I would listen to staff views and needs and will do my part to help them to understand their respective roles and responsibilities, and their accountability to deliver on time and within budget.


Dr Veena Rawat is President of the Communications Research Centre, Canada’s largest public sector ICT research and commercialization institution (400 staff and an annual budget of 50 million Canadian dollars). She oversees Canada’s participation in numerous bilateral and multilateral ICT research partnerships.

Dr Rawat immigrated to Canada from India. She was the first woman to graduate with a PhD in electrical engineering from Queen’s University, Canada. During her 35 years of work experience, she managed major programmes in spectrum/telecommunication planning, engineering and regulations development for terrestrial and space services. She has been at the centre of major policy and regulatory decisions to bring new communication services to domestic and international levels, and in strengthening linkages with national and international organizations.

She has led many delegations and negotiations at ITU–R and other international forums.
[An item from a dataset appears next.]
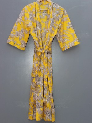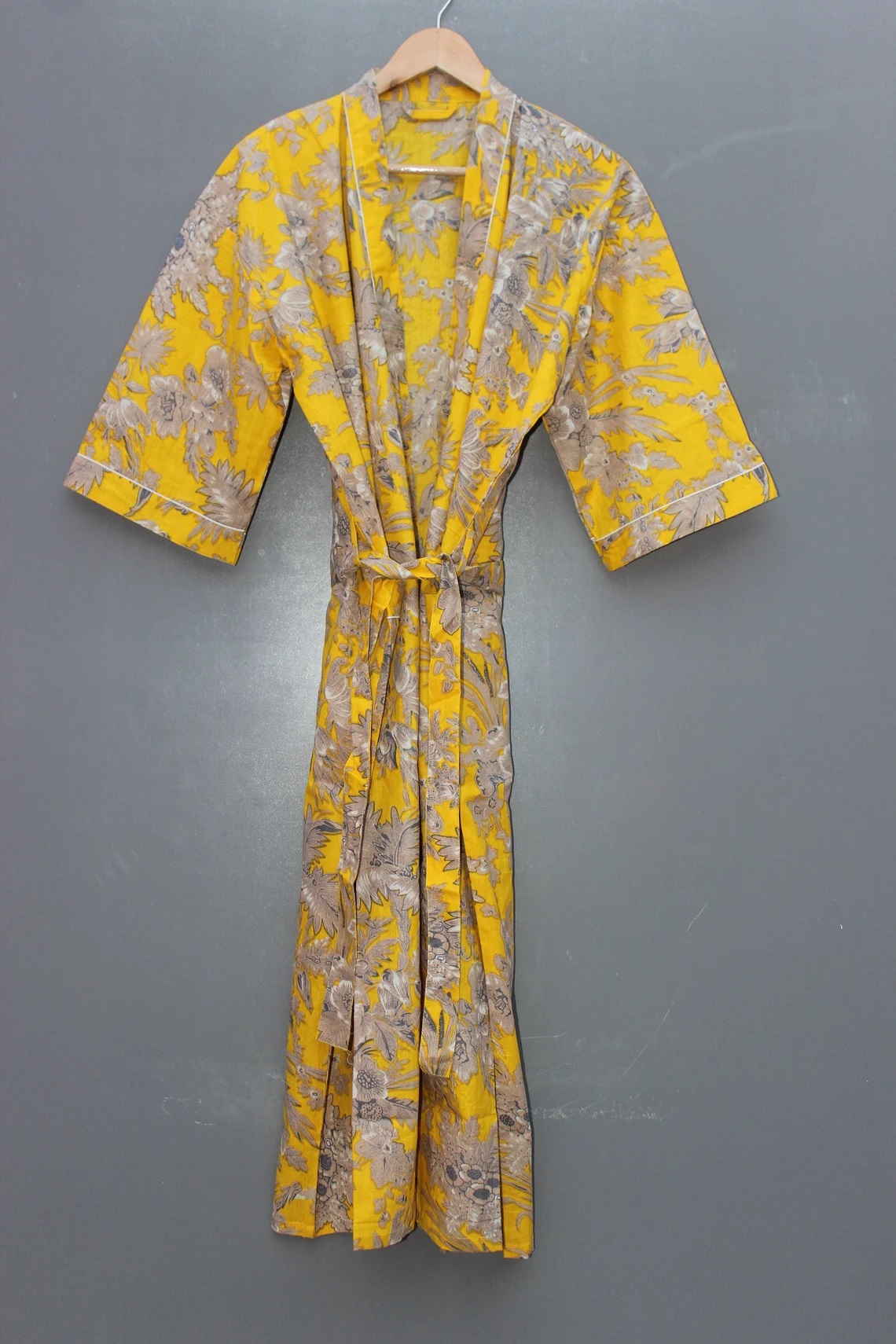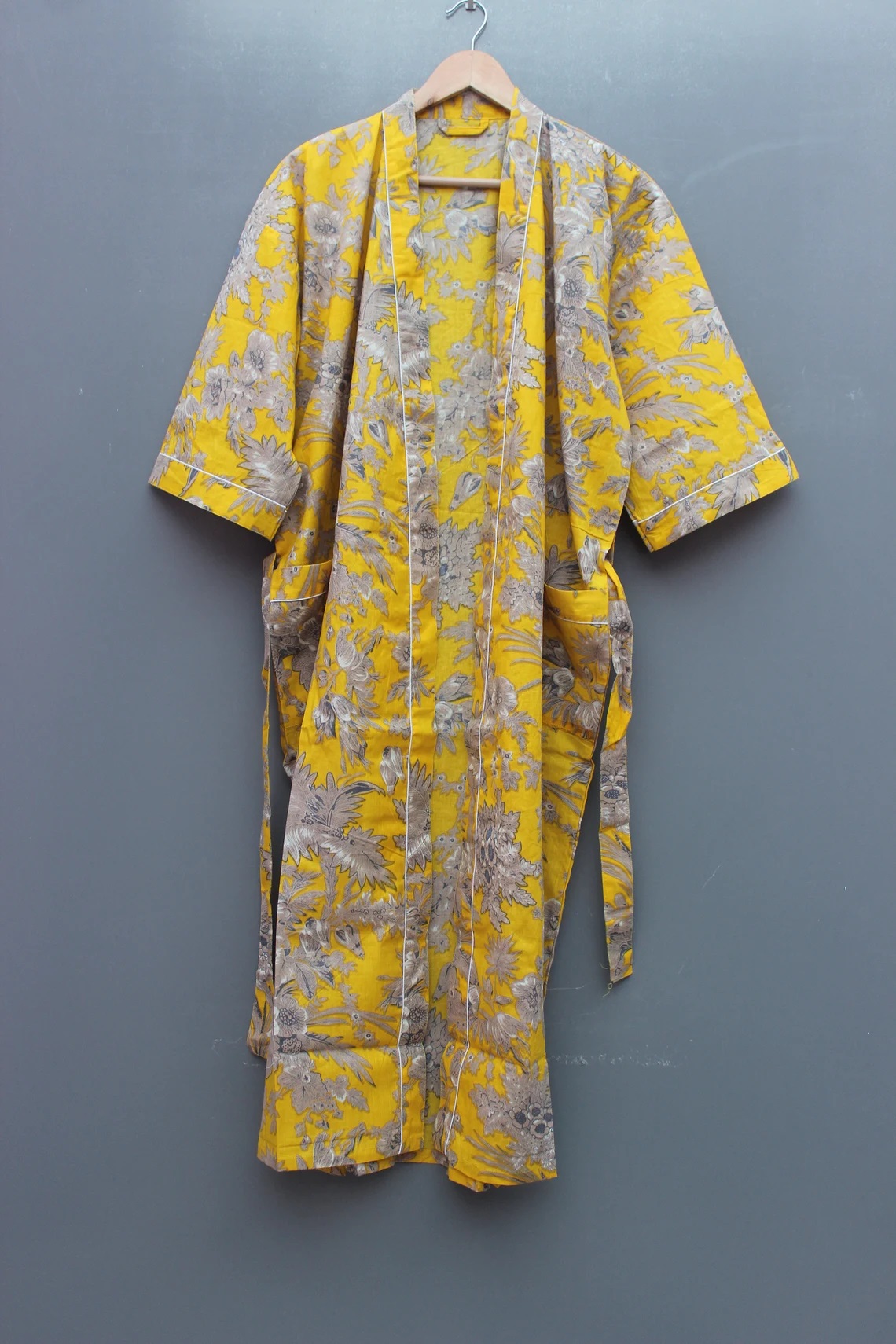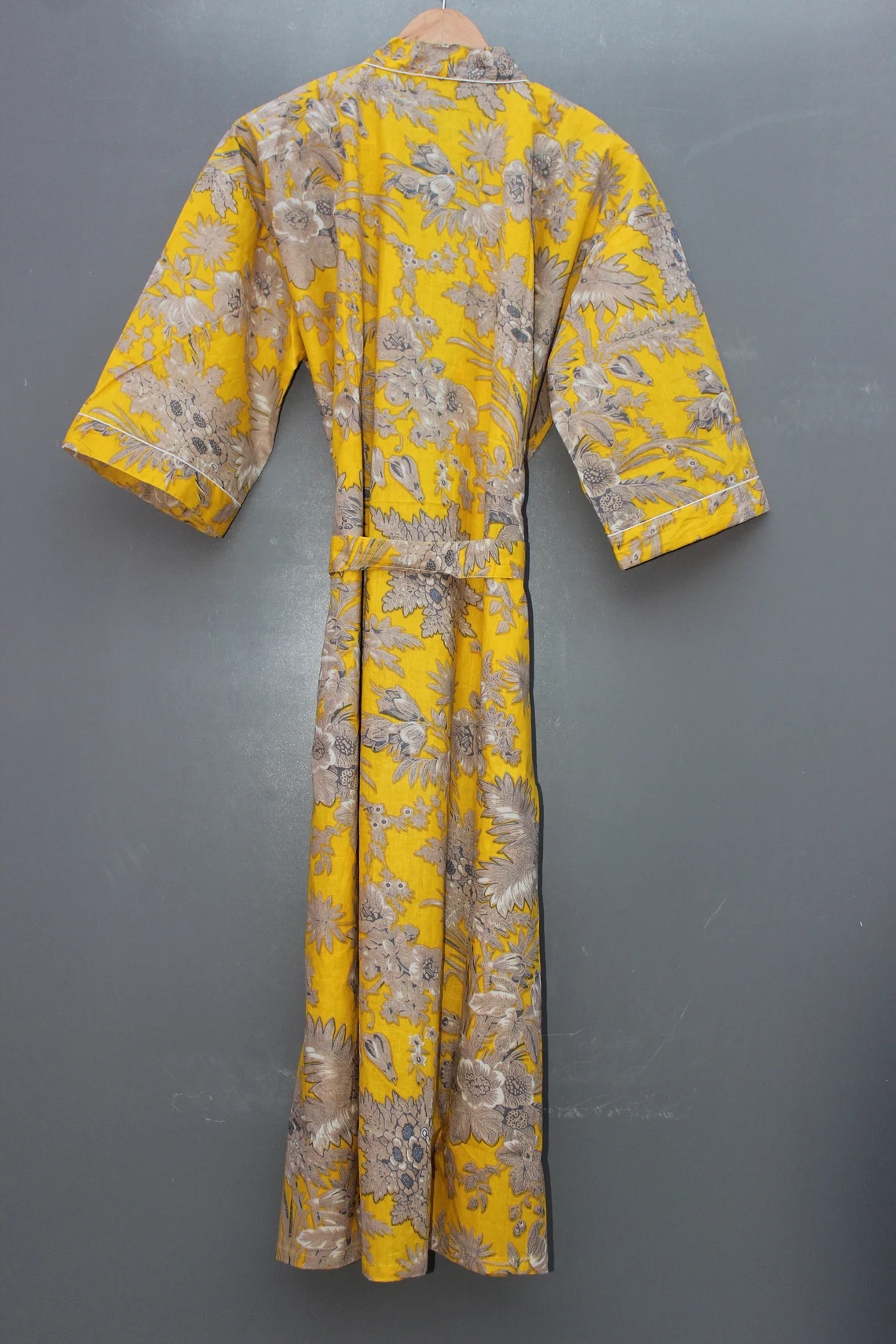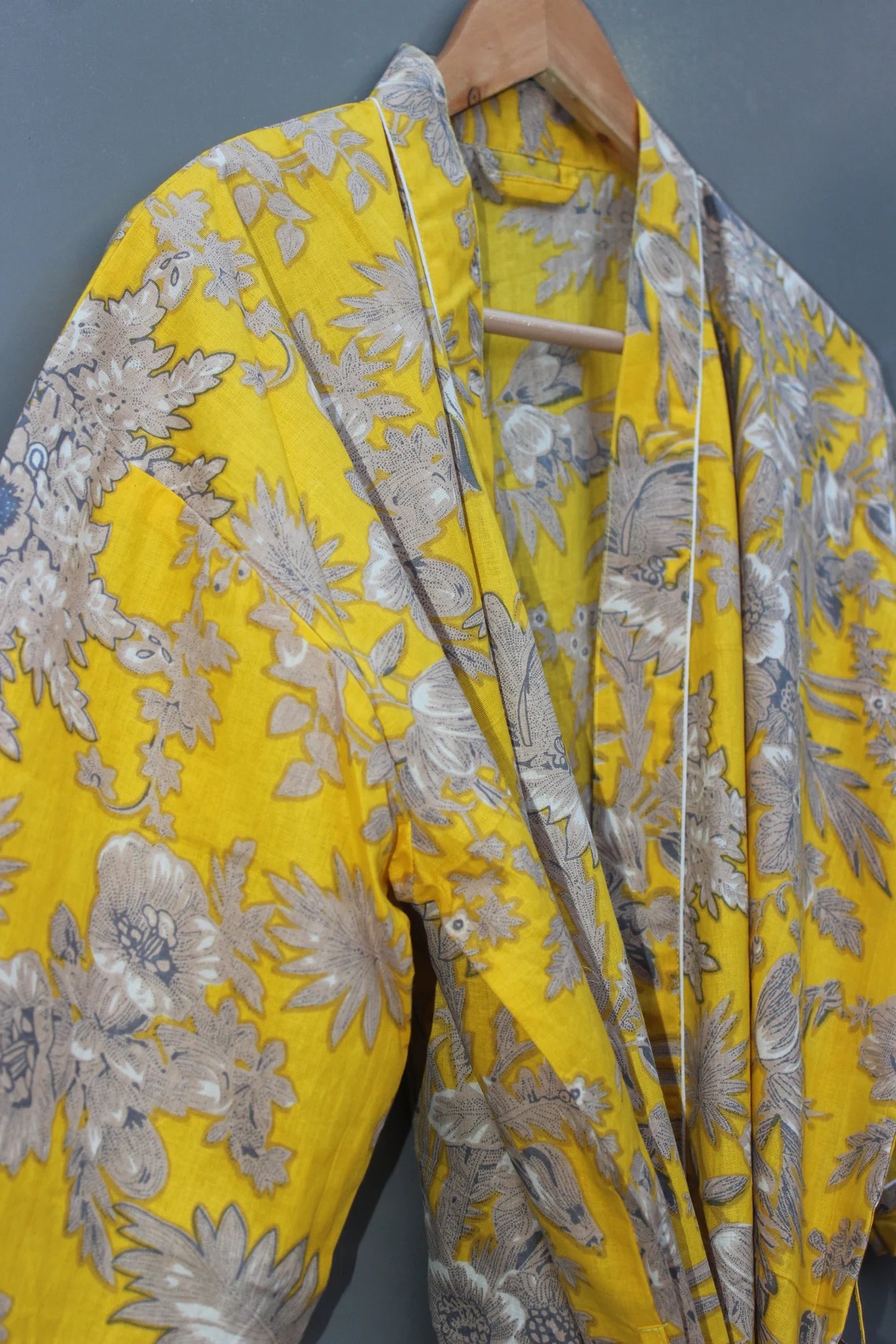 Yellow Floral Printed Cotton Kimono Indian Boho Robe Summer Dress Beach Coverup

She currently chairs the ITU study group for satellite services. In 2003, she chaired the World Radiocommunication Conference (WRC-03) for which she was awarded an ITU Gold medal.

An internationally recognized expert in spectrum management and ICT technologies, Dr Rawat has been a keynote and invited speaker at over 100 domestic and international events since 1995. She has received many honours, including the Canadian Woman of the Year in Communications in 2004.